Chargebacks can be a very damaging fact of life for most businesses that accept credit cards. There are many ways that businesses can help mitigate risk and avoid credit card chargebacks.
What is a chargeback? A credit card chargeback is what occurs when a customer refutes charges to their credit card issuer. If the issuer deems the customer dispute as valid, which typically happens, then your business merchant account is debited for a credit card charge that was previously cleared. In addition to this, typical chargeback fees can range from $15-$100. Check below for ways to reduce the risk of chargebacks for your business.

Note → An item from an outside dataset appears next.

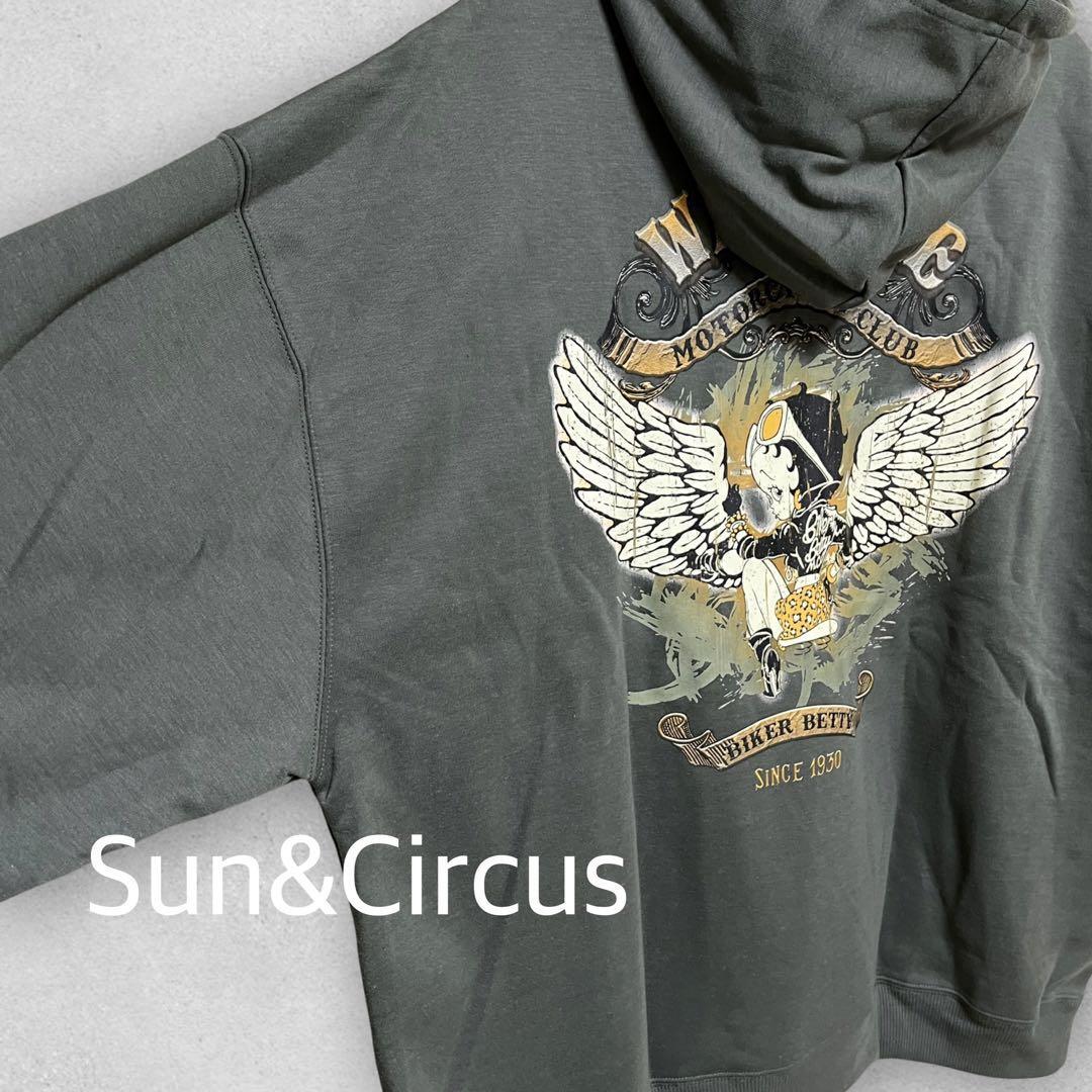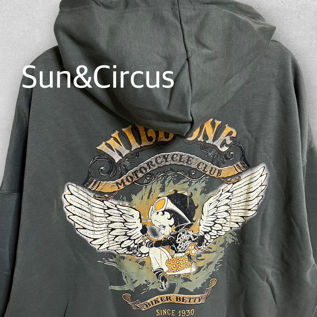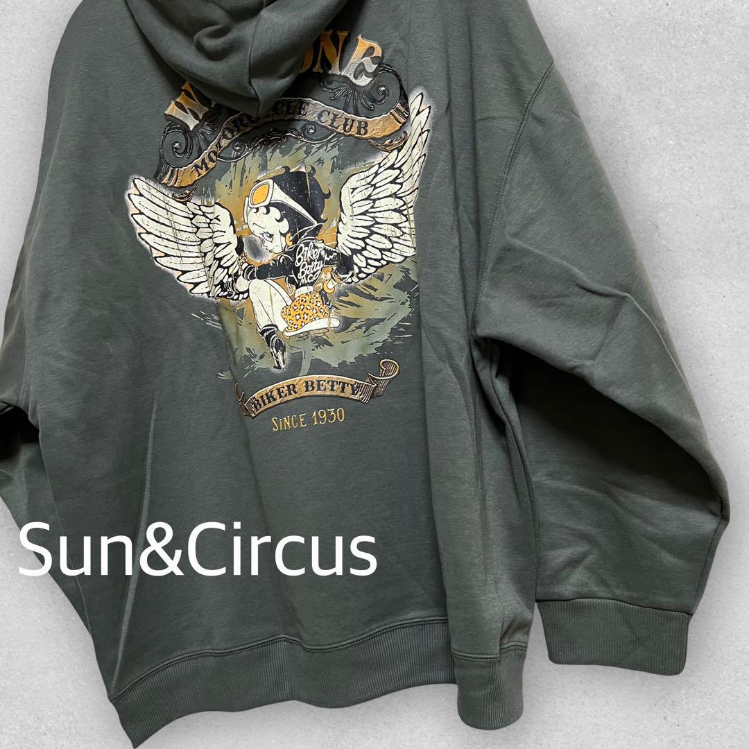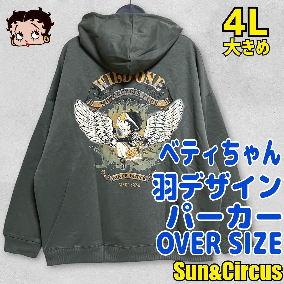 バックプリントの羽ベティちゃんがセクシーで可愛く、かすれデザインもビンテージライクでかっこいい、プルオーバーパーカーです。

Use Clear Payment Descriptors
A majority of credit card disputes come from unclear payment descriptors. Payment descriptors are the name of the merchant that appears on customer’s credit card statements. If they see a charge from a place they don’t recognize making a purchase from, they will likely think it’s a fraudulent charge. Having a name that your customer will recognize is one of the most important ways to help reduce credit card chargebacks.
Take Care of Customer Service Issues
Credit card processors are the first to notify you if there is a customer that is disputing a payment charge. It’s always a good idea to get ahead when these notifications come your way, so you can address the issues head on. At the end of the day good customer service will always be the best way to avoid any kind of dissatisfaction. If the customer voices any issues, always do your best to resolve any issues.
Learn to Spot Signs of Fraud
Your business needs to have a chargeback protocol in place, because you never know when a credit card chargeback will arise. With a chargeback protocol in place, your business will have a system in place for fraud prevention and chargebacks. Some of the important things to look out for are suspicious details such as security codes not matching, billing and shipping codes not matching, etc. It’s often easy to confirm customer information through a thorough online search.